I’m assuming his talk is meant to bury Ayurvedic medicine, not to praise it, what with this being The Straight Dope and all.
My tip for a talk like this is to get the audience’s investment in the subject right up front. Find some way to engage their brains - has anyone there seen this in the stores? Have they seen Deepak Chopra? Did they wonder what it meant? Get some heads nodding or some quick comments from them before you begin.
Quite right, although my talk remains neutral on the subject. It actually discusses a recent JAMA paper concerning the finding of toxic levels of heavy metals in some Ayurvedic preparations. There’s only one sentence in the presentation which touches on the issue of the overall value of Ayurveda in the treatment of human pathology:
“A considerable amount of literature exists in Western publications both supporting and refuting its overall efficacy.”
So far, the dry runs are improving. I double-spaced, and that seemed to help somewhat. There’s no time now for note cards, but I staggered the right edges of the pages as Napier suggested and highlighted ‘stop and look at the audience’ points as don’t ask advised and that seems to help too. But the only thing that really seems to be improving the smoothness and making the delivery natural-sounding is constant repetition. Moral of the story: TANSTAAFL. You just gotta familiarize yourself with the material to pull it off smoothly.
Another trick, if you have a lot of cards, is to hold them all in a stack and draw a diagonal line on the edge with a marker. It gives the same benefit, but is a lot quicker than numbering them all. Probably not necessary for such a short talk, though.
I’m sure that it is a bit late for advice, but I have considerably more experience delivering oral presentations than most.
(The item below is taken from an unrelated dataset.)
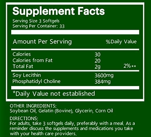 -. Binding : Health and Beauty -. Brand : Na'trition -. EAN : 6285862056042 -. Feature : Support Brain and Nerve Function - Promote Healthy Cell Structure - contributes to cardiovascular and nervous system health / 3 Month Supply - 300 Softgels - 1200mg per softgel - USP-Grade Lecithin Liquid - GUARANTEE the highest quality / Made in U.S.A. - FDA-Inspected Facility - We strictly follow good manufacture practices and deliver the best quality product to customer! -. Label : USA HPSON Pharmaceuticals Group LTD. -. LegalDisclaimer : Legal DisclaimerActual product packaging and materials may contain more and different information than what is shown on our website. We recommend that you do not rely solely on the information presented and that you always read labels, warnings, and directions before using or consuming a product. Please see our full disclaimer below. -. Manufacturer : USA HPSON Pharmaceuticals Group LTD. -. PackageQuantity : 3 -. ProductGroup : Health and Beauty -. ProductTypeName : HEALTH_PERSONAL_CARE -. Publisher : USA HPSON Pharmaceuticals Group LTD. -. Studio : USA HPSON Pharmaceuticals Group LTD. -. Title : 3 Bottles of Soybean Lecithin Softgels, 100 Softgels/ Bottle, Total 300 Softgels

For one thing, it’s only a six minute presentation and since you have practiced it several time you likely could have had it basically memorized by now. A six minute presentation would would take all of an hour for me to memorize and ad-lib whenever I needed as long as I knew the material. If you haven’t done that by now I don’t even understand what you are thinking.
I don’t know how much time you have left before you give your talk, but forget the cards and memorize. If you know the material, ad-libbing your errors is instinctual.
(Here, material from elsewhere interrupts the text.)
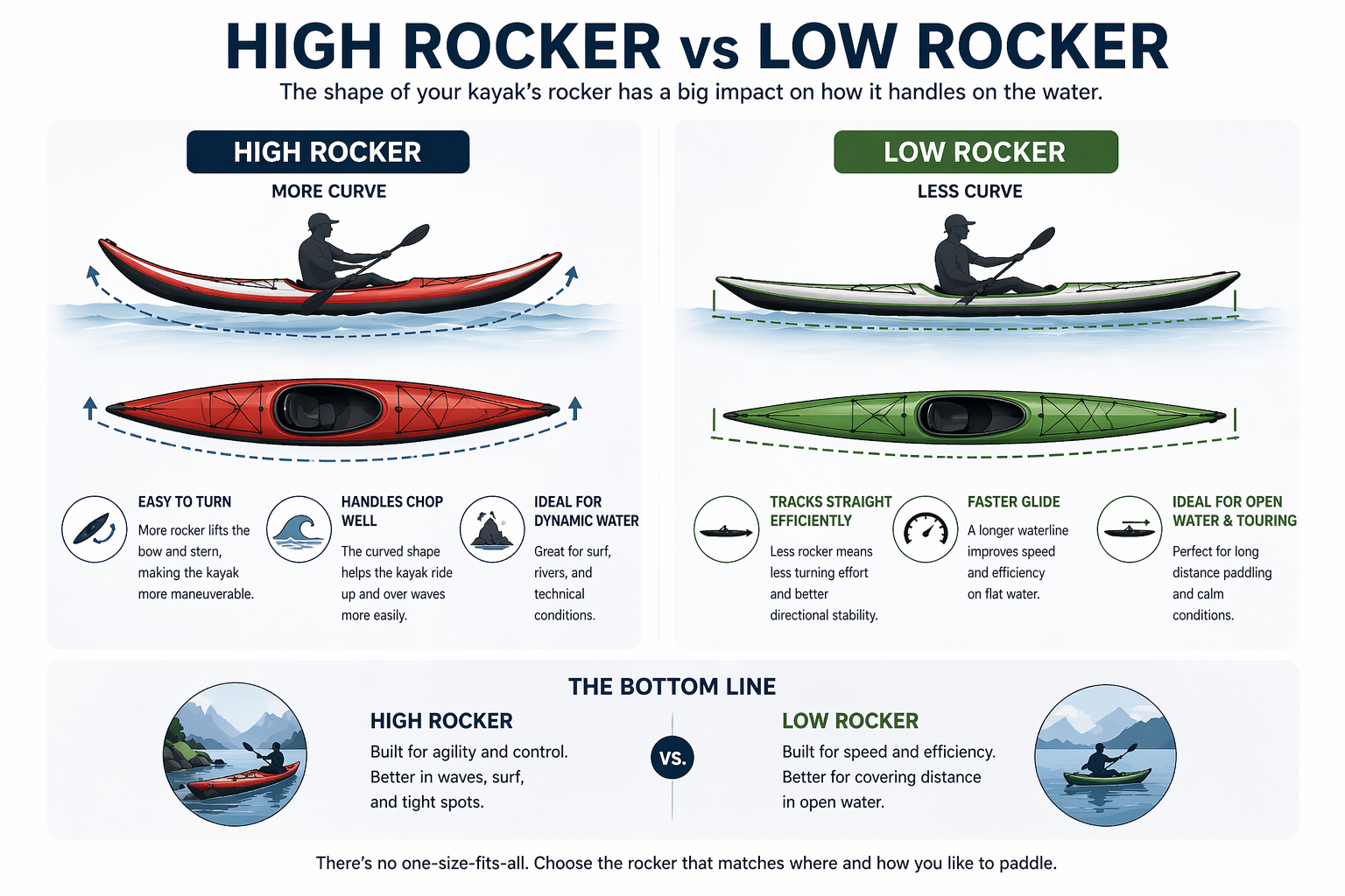 Designers use rocker carefully to balance tracking and maneuverability depending on the intended purpose of the kayak.

This lesson was a strange advantage of starting grad school at some podunck university with no money to bring in presentors. I was required to present my material three times a semester, and I got very good at it.
Inasmuch as this is post-Monday night, the big talk is over. However, for folks interested in the general topic - if any exist - I’d also offer this: at times, when I’m not as familiar with the material I’m teaching or talking about, I prepare notes on paper, marking with stars a few of the most salient points, and I leave the paper on the lectern or on a table. I can then move away from that one spot, and when I feel myself running out of steam on one point, or needing to check where I want to go next, I just wander back and take a peek at the page. If I’ve prepared my notes well enough - i.o.w. - if I’ve reduced my ideas to a few basic points - I can refer to them without being tied to them. Again, this is speaking without a script but with a guide, as many posters here have suggested in one version or another.